EXTRACTED INFORMATION:
# # #
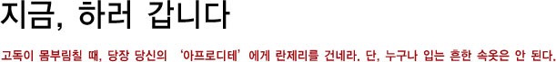 고독이 몸부림칠 때, 당장 당신의 `아프로디테`에게 란제리를 건네라. 단, 누구나 입는 흔한 속옷은 안 된다.<br><br>[2008년 4월호]
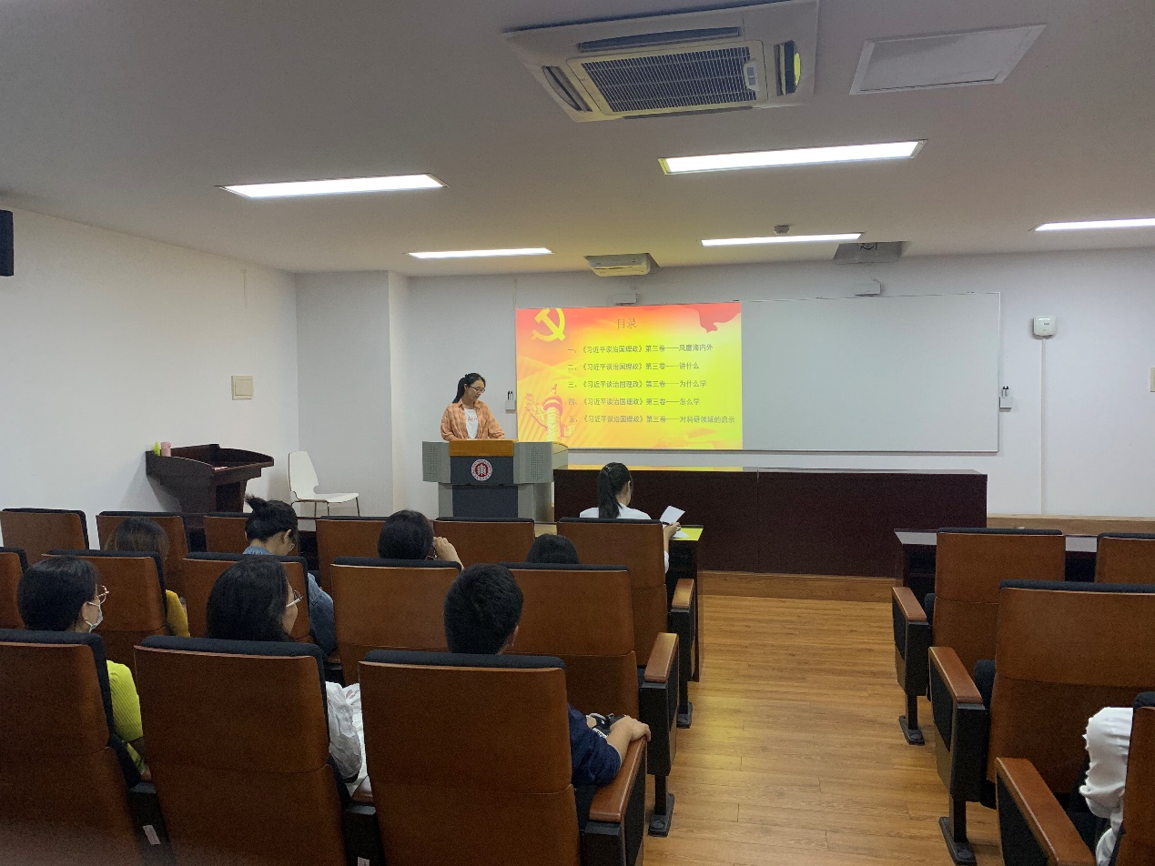 2020年9月21日晚,91视频 2018级研究生党支部在闵行校区化学楼135室召开了以“学习《习近平谈治国理政》第三卷”为主题的党日活动。党支部成员参加会议,会议由党支部第一小组主要负责人乔雨同志主持。
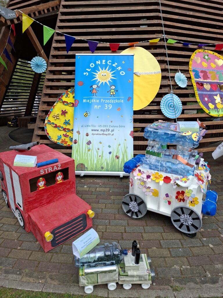 I miejsce – Oddział Przedszkolny Grupa 0A „Naturlandia” Ekologiczna Szkoła Podstawowa nr 22 z Oddziałem Integracyjnym im. Unii Europejskiej w Zespole Szkół Ekologicznych za pracę „Kfiat” – ekologiczny pojazd pełen kolorów i detali, wykonany z butelek, styropianu i kwiatków.
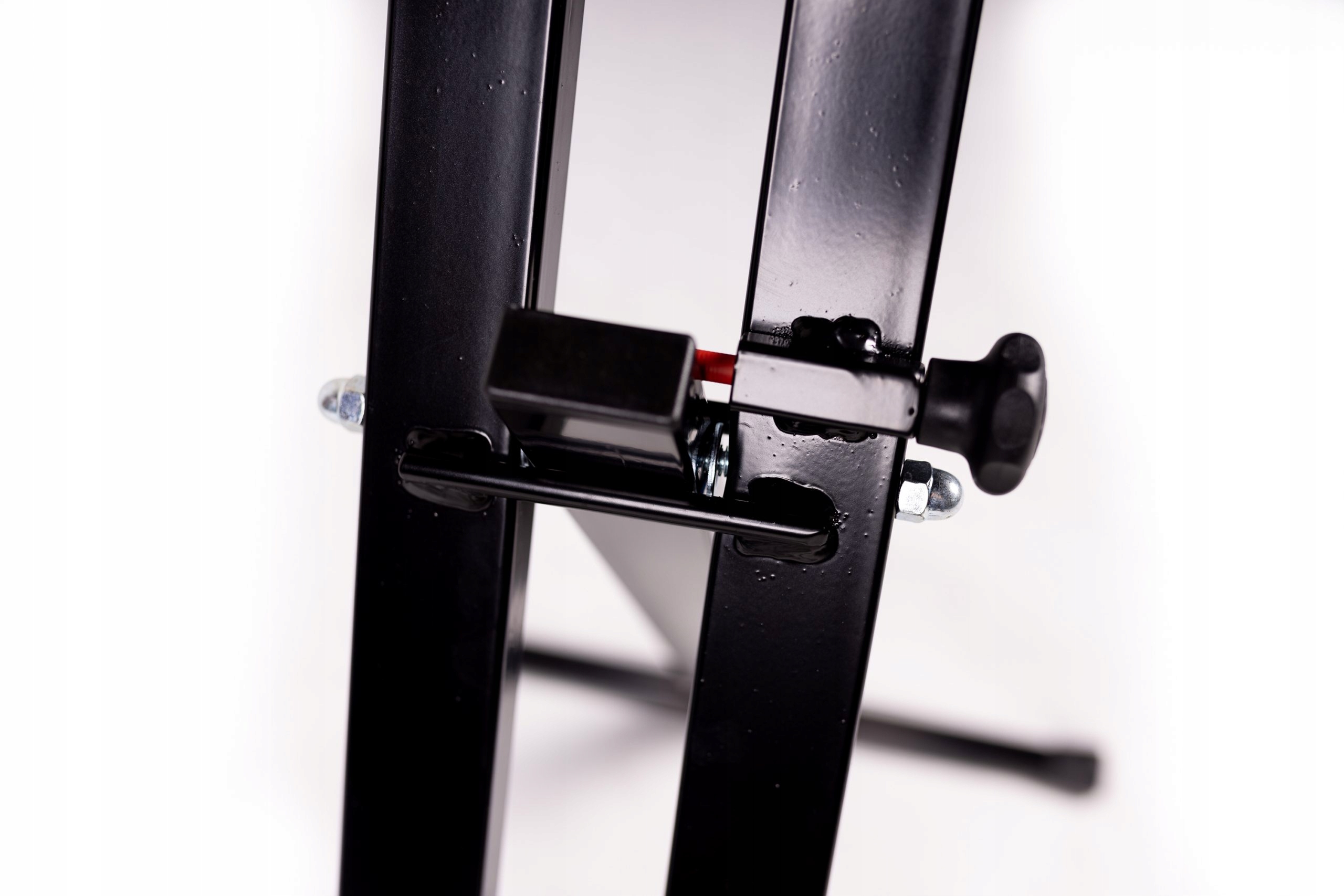 Profesjonalny stołek estradowy dla gitarzystów - z oparciem i podnóżkiem w jednym.
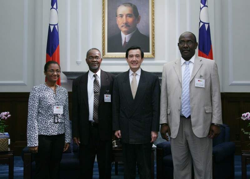 聖文森國會議長亞歷山大、副議長蘿芙特(Rochelle Forde)女士及前內閣秘書長摩根(Bernard Morgan)等人,下午由我外交部次長侯清山陪同,前來總統府晉見總統,國安會副秘書長何思因也在座。
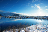 snow in Reine Village, Lofoten Islands, Norway
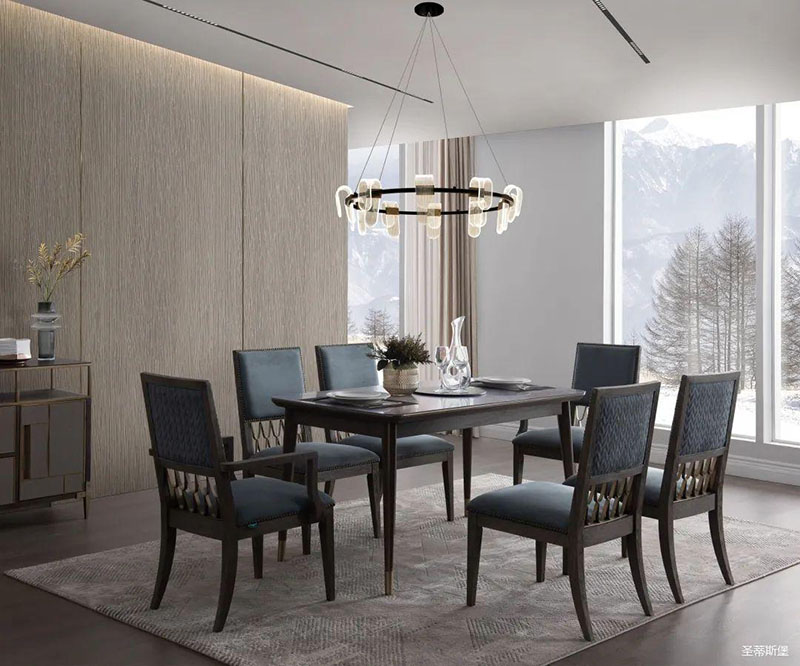 餐桌的天然材質(zhì)經(jīng)過時間的沉淀,散發(fā)著生生不息的自然生命力,它的紋理與質(zhì)感展現(xiàn)著尊貴奢華的藝術(shù)氣息。“藝術(shù)的偉大意義,基于它能顯示人的真正感情,內(nèi)心生活的奧秘和熱情的世界。”而這款融合自然藝術(shù)與實木雕刻工藝的餐桌,不僅表達了羅曼·羅蘭對于生活與感情的理解,也讓你在居家生活中處處體驗到生活的真諦。
# # #
DIRECTIONS: An exact transcription of all the entries is required, without the pictures.

SOLVED PROBLEM:
 고독이 몸부림칠 때, 당장 당신의 `아프로디테`에게 란제리를 건네라. 단, 누구나 입는 흔한 속옷은 안 된다.<br><br>[2008년 4월호]
 2020年9月21日晚,91视频 2018级研究生党支部在闵行校区化学楼135室召开了以“学习《习近平谈治国理政》第三卷”为主题的党日活动。党支部成员参加会议,会议由党支部第一小组主要负责人乔雨同志主持。
 I miejsce – Oddział Przedszkolny Grupa 0A „Naturlandia” Ekologiczna Szkoła Podstawowa nr 22 z Oddziałem Integracyjnym im. Unii Europejskiej w Zespole Szkół Ekologicznych za pracę „Kfiat” – ekologiczny pojazd pełen kolorów i detali, wykonany z butelek, styropianu i kwiatków.
 Profesjonalny stołek estradowy dla gitarzystów - z oparciem i podnóżkiem w jednym.
 聖文森國會議長亞歷山大、副議長蘿芙特(Rochelle Forde)女士及前內閣秘書長摩根(Bernard Morgan)等人,下午由我外交部次長侯清山陪同,前來總統府晉見總統,國安會副秘書長何思因也在座。
 snow in Reine Village, Lofoten Islands, Norway
 餐桌的天然材質(zhì)經(jīng)過時間的沉淀,散發(fā)著生生不息的自然生命力,它的紋理與質(zhì)感展現(xiàn)著尊貴奢華的藝術(shù)氣息。“藝術(shù)的偉大意義,基于它能顯示人的真正感情,內(nèi)心生活的奧秘和熱情的世界。”而這款融合自然藝術(shù)與實木雕刻工藝的餐桌,不僅表達了羅曼·羅蘭對于生活與感情的理解,也讓你在居家生活中處處體驗到生活的真諦。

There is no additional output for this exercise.